Yesterday Marta was away for six hours, in Camaiore.... Well, alone in my room for three out of six hours, I was so happy with this angelic presence that I even got physical relief from it.. I got recollected in that meditation and contemplation which may look like somnolence to strangers, but is instead a spiritual ardor, and I was enraptured.... What peace...!

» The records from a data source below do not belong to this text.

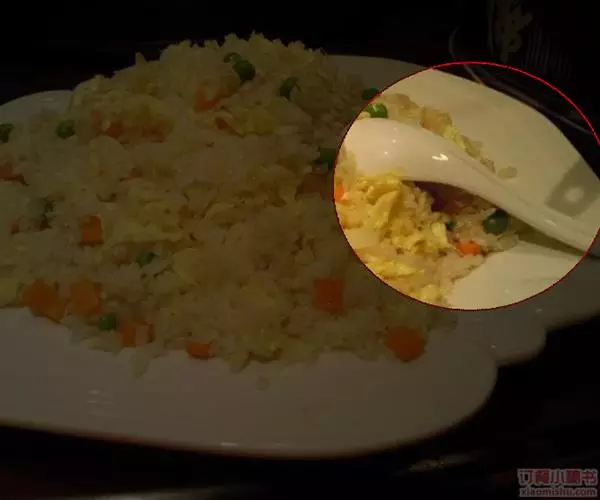 原料:熟虾肉40克,叉烧细丁80克,冬菇丁20克,葱花10克,净蛋80克,油20克,精盐2克,味精2克,白饭300克。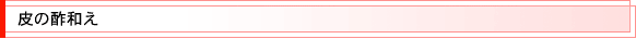細く切った皮、塩もみした薄切りキュウリを酢で和えます。※ワサビ酢醤油(酢:1/2カップ、酒:大さじ3、塩:小さじ1/2、ワサビ:小さじ1、醤油:少々)がお薦め。 |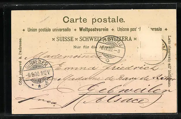 gelaufen 1900, Briefmarke entfernt, rückseitig Oberflächenschaden, guter Zustand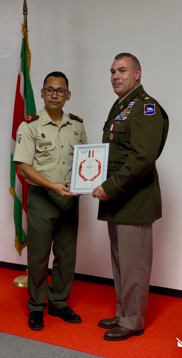 Majoor Carl Stearns van de South Dakota Army National Guard is onderscheiden voor zijn uitstekende inzet als Bilaterale Zaken Officier bij de Amerikaanse Ambassade in Suriname.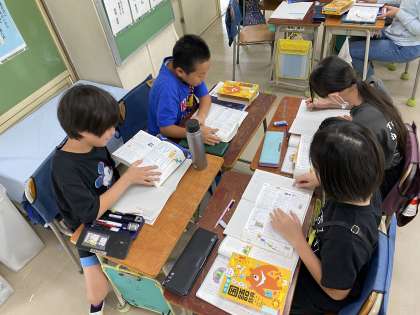 漢字辞典を使い、同じ読み方をする漢字を調べる学習を行いました。友達が調べた言葉を聞くと、「そんな言葉もあるんだ!」と驚く姿も見られました。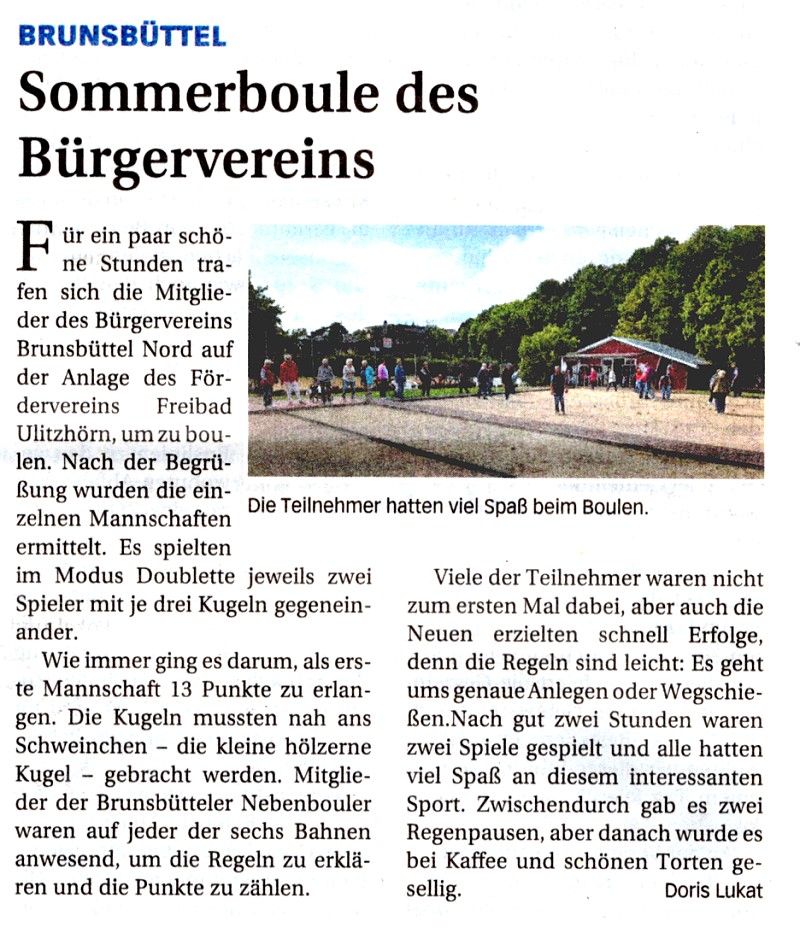 Für ein paar schöne Stunden trafen sich die Mitglieder des Bürgervereins Brunsbüttel Nord auf der Anlage des Fördervereins Freibad Ulitzhörn, um zu Boulen.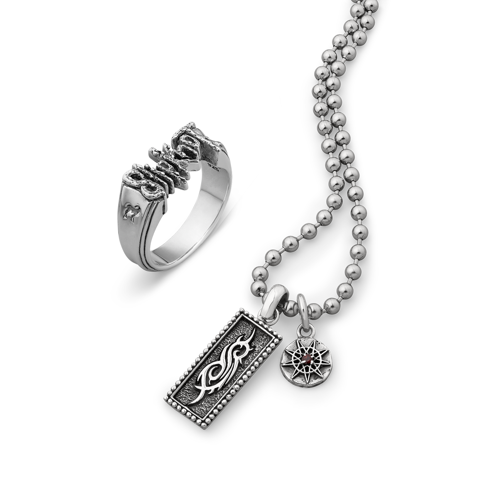 Handcrafted Sterling Silver Slipknot logo ring. Handcrafted Sterling Silver pendant with Red Garnet stone. Comes on a 50cm long x 4mm thick stainless steel ball chain.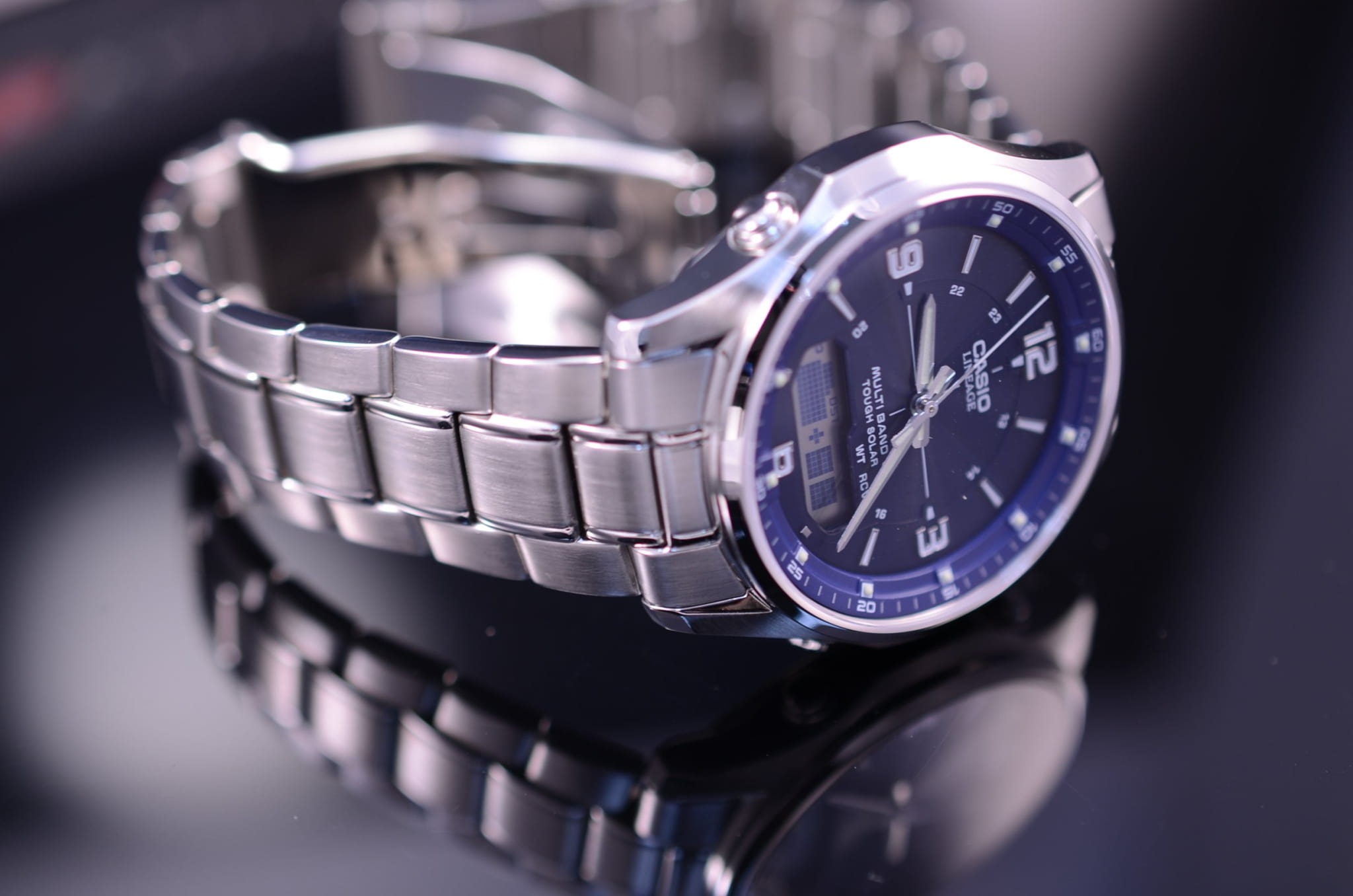 Высокотехнологичные японские наручные мужские часы. Круглый корпус и браслет часов выполнены из нержавеющей стали. Водонепроницаемость 10 ATM.  Круглый циферблат синего цвета. Часы оснащены такими функциями как секундомер, таймер обратного отсчета, будильник, мировое время, второй часовой пояс, прием радиосигнала. Сапфировое стекло не царапается.

But now Azariah shows himself and speaks. The luminous angel is not Azariah, then.… And I write.214
And Azariah kneels to listen to Gabriel, who, increasing his light, greets me with the words “Ave Maria!” Nothing but “Ave Maria.” He then utters a tremendous word - oh, it really is tremendous! - and gives me an order. So condemnatory in its motives! But I will take it with me to the grave. “It is much more tremendous,” the Archangel says, “than the secret of Fatima and should not be revealed because men, even these for whom it is issued, do not deserve to know it.” And then the Archangel - together with Azariah, who gets up again from his genuflection - sings, “Let us bless the Lord.” I reply “Thanks be to God,” as Azariah taught me, and with them say, “Glory be to the Father and to the Son and to the Holy Spirit....” And now I also have the anguishing weight of this tremendous knowledge....

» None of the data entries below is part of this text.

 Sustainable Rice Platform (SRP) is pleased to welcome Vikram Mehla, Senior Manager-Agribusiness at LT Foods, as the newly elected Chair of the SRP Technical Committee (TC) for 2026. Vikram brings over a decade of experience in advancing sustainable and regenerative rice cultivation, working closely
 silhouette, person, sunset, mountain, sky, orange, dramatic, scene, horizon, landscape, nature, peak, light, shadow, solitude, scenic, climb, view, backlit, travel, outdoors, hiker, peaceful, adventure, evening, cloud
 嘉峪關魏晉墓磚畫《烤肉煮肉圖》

Since the Archangel greeted me with the words “Ave Maria,” I think it was he who spoke on December 5. Do you remember that card with a rule for Dora?215 But I do not ask about anything... and remain in my uncertainty.216
211 January 15, 1946.
212 This description appears in her work on the Gospel, corresponding to Luke 22:43.
213 S. Andrea di Compito, where she was evacuated. See The Notebooks. 1944, note 312.
214 We omit over ten handwritten pages containing Azariah’s commentary on the Mass for the Third Sunday in Lent.
215 See note 121.
216 We omit eleven handwritten pages (dated March 31, 1946) containing Azariah’s commentary on the Mass for the Fourth Sunday in Lent.